#### TO DO:
Please reproduce all the records exactly while leaving out their pictures.

Start of DATA SHOWN

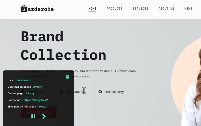 然后我们现在就可以点击查看用户的行为轨迹,然后在我们的左下角就会看到一个路径,这个路径就是一个幻灯片的方式,首先用户进入了第一页,然后在第一页停留了7秒钟,然后进入下面的页面,然后又停留29秒,然后进入我们的某一个商品,它会自动播放,如果你想快一点就点击这个按钮下,一个我们要进入的就是我们的购物栏,然后通过购物栏用户又会进入到我们的 checkout的页面停留了两秒钟,然后又进入了我们的about的页面,它就把整个路径给记录下来了。
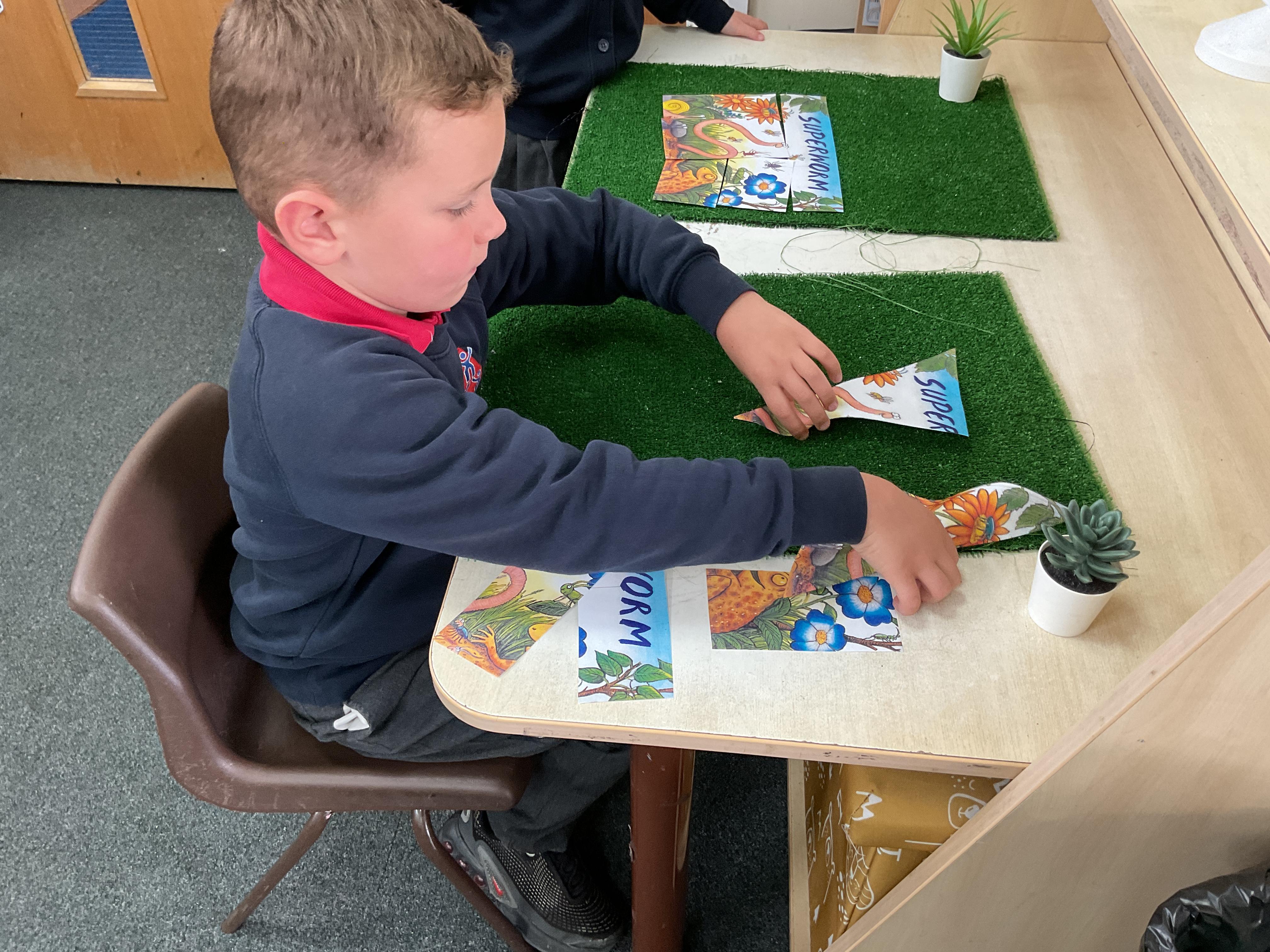 We started the week off in our Funky Finger area putting the pieces of the front cover to Superworm back together - a bit like a jigsaw! We had a great time problem solving ![]()
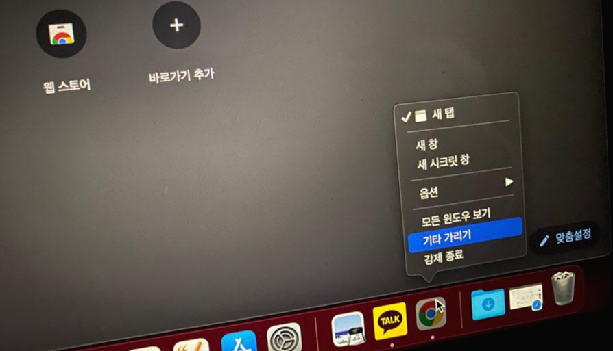 먼저, 현재 열려있는 프로그램을 강제종료해보겠습니다. 맥북 독에서 현재 열려있는 프로그램을 선택하신 후, 메뉴를 살펴보시면 현재 강제종료는 따로 없고 종료만 있습니다.
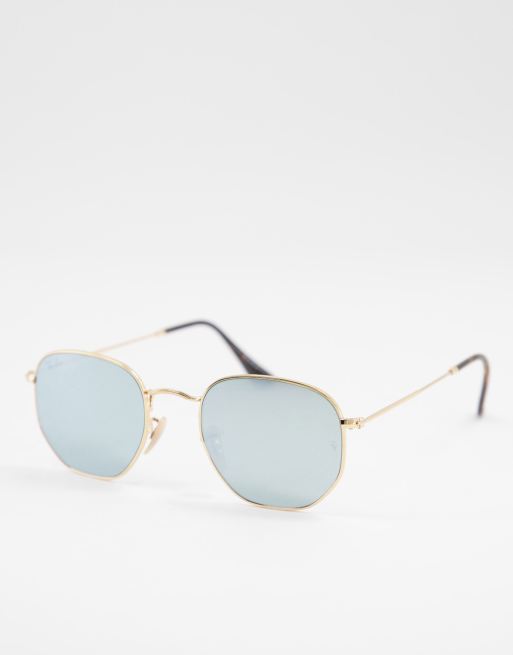 Ray-Ban – Sechseckige Sonnenbrille in Gold mit verspiegelten Gläsern
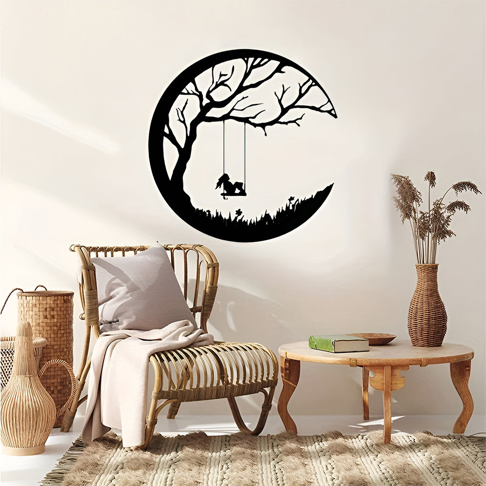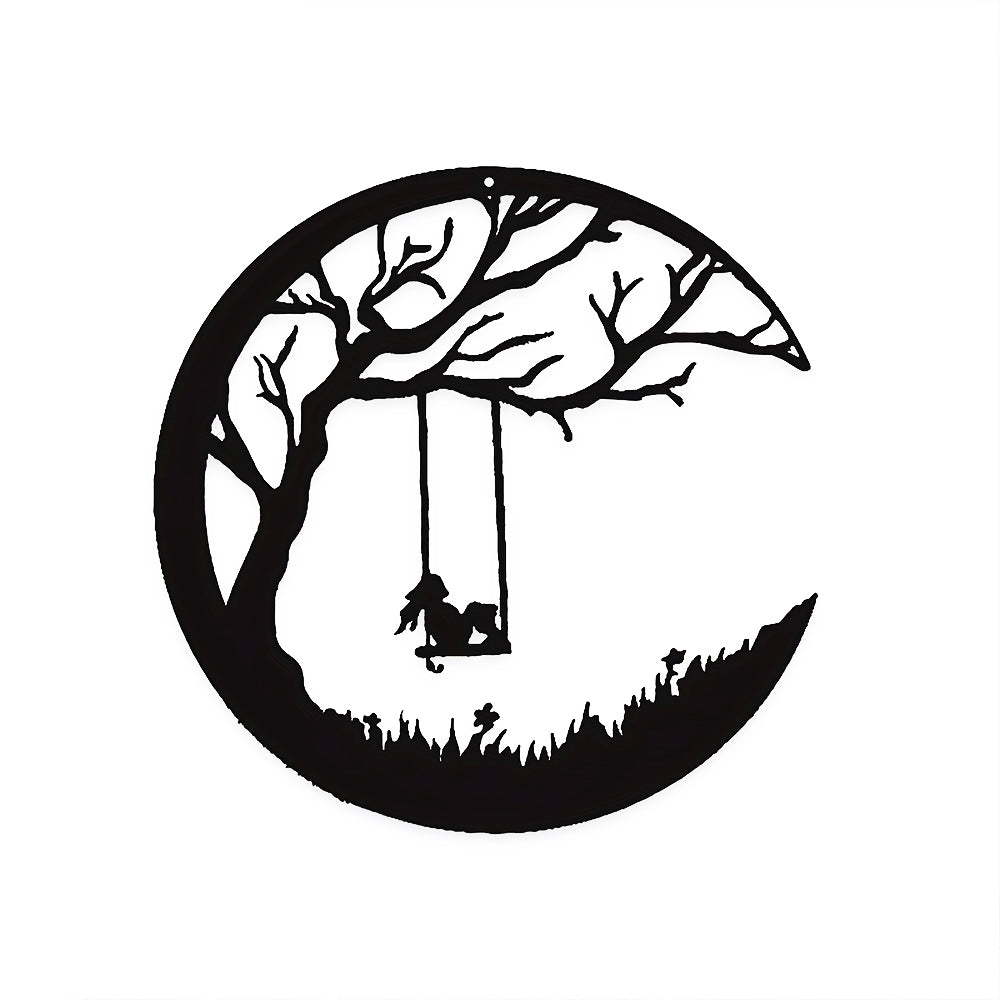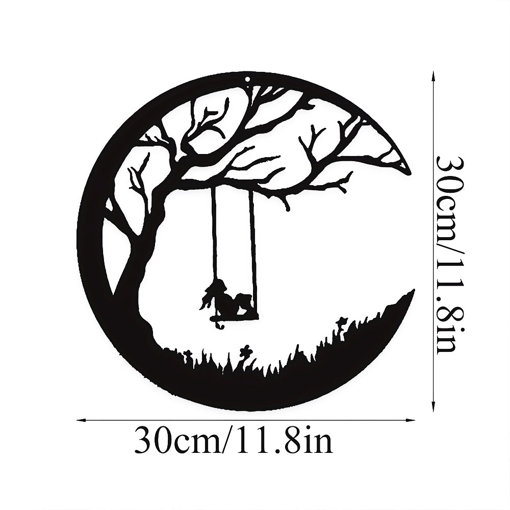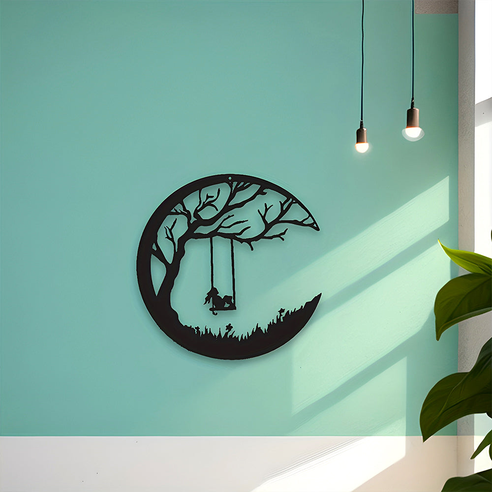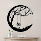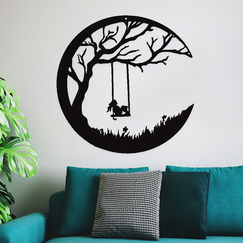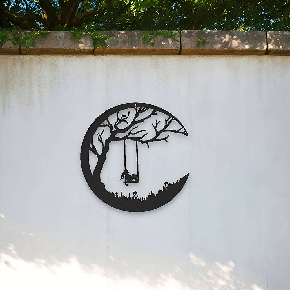 Moon And Lawn Tree With Swing Girl Metal Wall Art Decoration
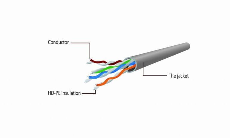 Pozostałe parametry: Pasmo częstotliwości: maksymalnie 250 MHz Zgodność ze standardami ANSI/TIA/EIA-568B Przewodnik: AWG 26 4P (drut 7 x 0,16 mm), czysta miedź Izolacja przewodu: HDPE 0,85 mm Wypełniacz LDPE Materiał izolacji: PVC Splot kurtki: brak Średnica zewnętrzna płaszcza: 6,2 mm
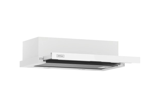 Nadzwyczaj funkcjonalny okap kuchenny KTH 10.164 W marki Kernau to okap teleskopowy o szerokości 60 cm, którego front wykonany jest ze szkła, a korpus jest w kolorze białym. Posiada mechaniczne sterowanie kołyskowe.
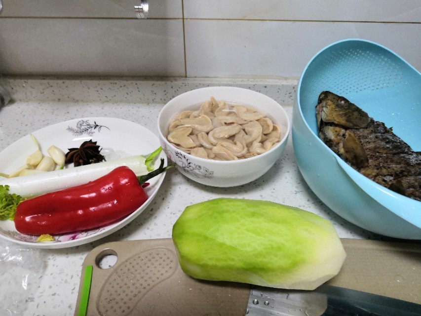 主要的原料有:鲤鱼1条,萝卜1个,葱蒜适量,生抽10克,老抽10克,盐3克,八角1个花椒10粒,冰糖6小粒,人造肉50克,红辣椒1个,尖辣椒1个,面粉100克,,玉米面50。做法如下:

End of DATA SHOWN

#### RESULT FOR THIS TASK:
 然后我们现在就可以点击查看用户的行为轨迹,然后在我们的左下角就会看到一个路径,这个路径就是一个幻灯片的方式,首先用户进入了第一页,然后在第一页停留了7秒钟,然后进入下面的页面,然后又停留29秒,然后进入我们的某一个商品,它会自动播放,如果你想快一点就点击这个按钮下,一个我们要进入的就是我们的购物栏,然后通过购物栏用户又会进入到我们的 checkout的页面停留了两秒钟,然后又进入了我们的about的页面,它就把整个路径给记录下来了。
 We started the week off in our Funky Finger area putting the pieces of the front cover to Superworm back together - a bit like a jigsaw! We had a great time problem solving ![]()
 먼저, 현재 열려있는 프로그램을 강제종료해보겠습니다. 맥북 독에서 현재 열려있는 프로그램을 선택하신 후, 메뉴를 살펴보시면 현재 강제종료는 따로 없고 종료만 있습니다.
 Ray-Ban – Sechseckige Sonnenbrille in Gold mit verspiegelten Gläsern
 Moon And Lawn Tree With Swing Girl Metal Wall Art Decoration
 Pozostałe parametry: Pasmo częstotliwości: maksymalnie 250 MHz Zgodność ze standardami ANSI/TIA/EIA-568B Przewodnik: AWG 26 4P (drut 7 x 0,16 mm), czysta miedź Izolacja przewodu: HDPE 0,85 mm Wypełniacz LDPE Materiał izolacji: PVC Splot kurtki: brak Średnica zewnętrzna płaszcza: 6,2 mm
 Nadzwyczaj funkcjonalny okap kuchenny KTH 10.164 W marki Kernau to okap teleskopowy o szerokości 60 cm, którego front wykonany jest ze szkła, a korpus jest w kolorze białym. Posiada mechaniczne sterowanie kołyskowe.
 主要的原料有:鲤鱼1条,萝卜1个,葱蒜适量,生抽10克,老抽10克,盐3克,八角1个花椒10粒,冰糖6小粒,人造肉50克,红辣椒1个,尖辣椒1个,面粉100克,,玉米面50。做法如下:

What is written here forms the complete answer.